Елагин вздрогнул. Где-то это он уже слышал. Последние слова директора вывели его из какого-то вязкого оцепенения, что преследовало его с того момента, как он оказался за воротами комбината. Ни во что не хотелось толком вникать, со всем хотелось соглашаться: да, люди молодцы, подняли производство, несмотря ни на что… Может, дело было в жаре: солнце припекало, воздух был вязок и душен. А может… Елагина не оставляло ощущение, будто узкие окна заводских цехов на него смотрят — очень пристально, как-то… оценивающе.

— Люди говорят о каких-то черных хлопьях. А низко стелющийся ядовитый дым я и сам в зоне отчуждения видел.

— Да там неподалеку городская свалка горит, завод тут ни при чем. А черные хлопья — всего лишь местная легенда. Черные хлопья, медный бригадир… Сами места располагают к сочинению страшных небылиц.

Хотелось верить. Казалось, что-то сковывает, усыпляет сознание, будто в мысли вливали некий анестетик. Елагин встряхнул головой и тут увидел валяющийся возле железнодорожного полотна хороший новый ботинок. Рядом с ним — заношенный шлепанец. Чуть дальше — кед и белые проводки наушников.

— Мусор не убрали, — виновато пояснил директор, поймав его взгляд.

«Все-таки надо будет тут учинить более масштабную проверку, — думал Елагин, с трудом стряхивая сонное оцепенение. — Чтоб целая бригада наших ребят приехала и за каждый угол тут заглянула. Что-то тут не так».

«Черные хлопья летят, когда третья смена работает».

Посмотреть бы, как тут ночью дела обстоят.

Эта мысль не отпускала Елагина весь вечер после поездки на завод.
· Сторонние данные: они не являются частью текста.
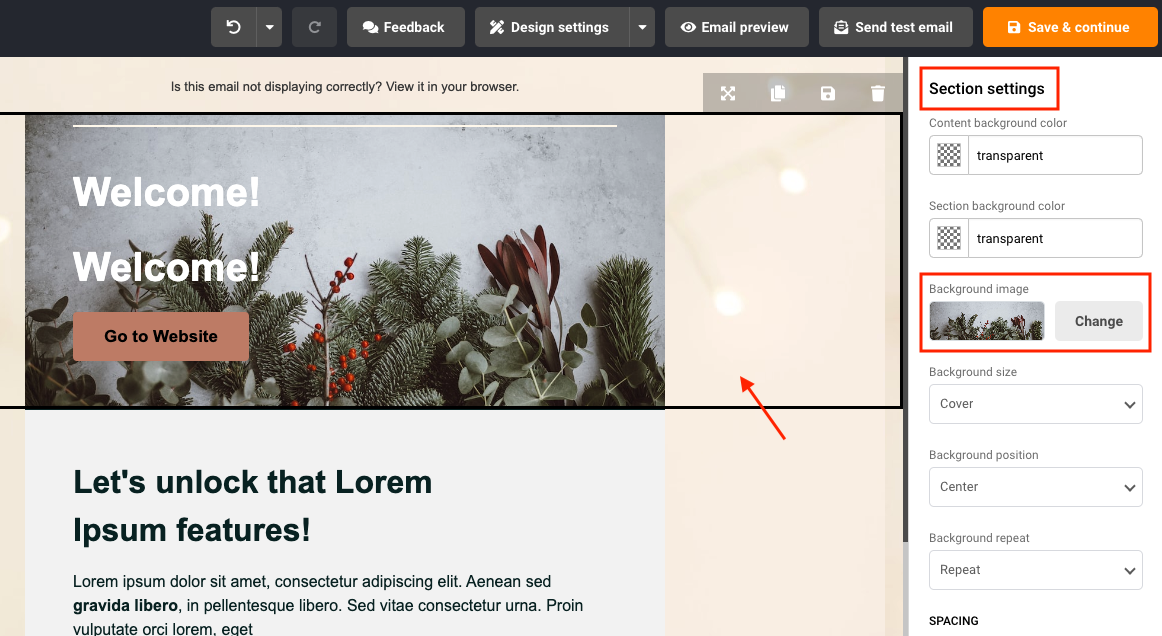 To add a background image to a section of the campaign, click on the section that you want to add the image to. On the right side, you will see Background image option in the “Section settings” section. Click “Change” and choose an image that you want.

Надо было заполнять документы, а он сидел и обдумывал увиденное. Несоответствие производства объемам выпускаемой продукции. Малое количество рабочих. Брошенная обувь возле железнодорожных путей. Постоянное ощущение взгляда. Рабочие, которые косились на начальство и отделывались общими фразами при попытках Елагина заговорить с ними.

Образовавшийся в итоге план был не просто авантюрным, а по-настоящему диким, но Елагин не мог себе позволить уехать отсюда ни с чем.

Ближе к ночи он сложил в рюкзак фотоаппарат, отцовский еще бинокль, который возил с собой во все командировки, фонарик, респиратор. Надел тренировочный костюм и сапоги. Темнело сейчас поздно, около двенадцати. Третья смена в это время уже приступает к работе.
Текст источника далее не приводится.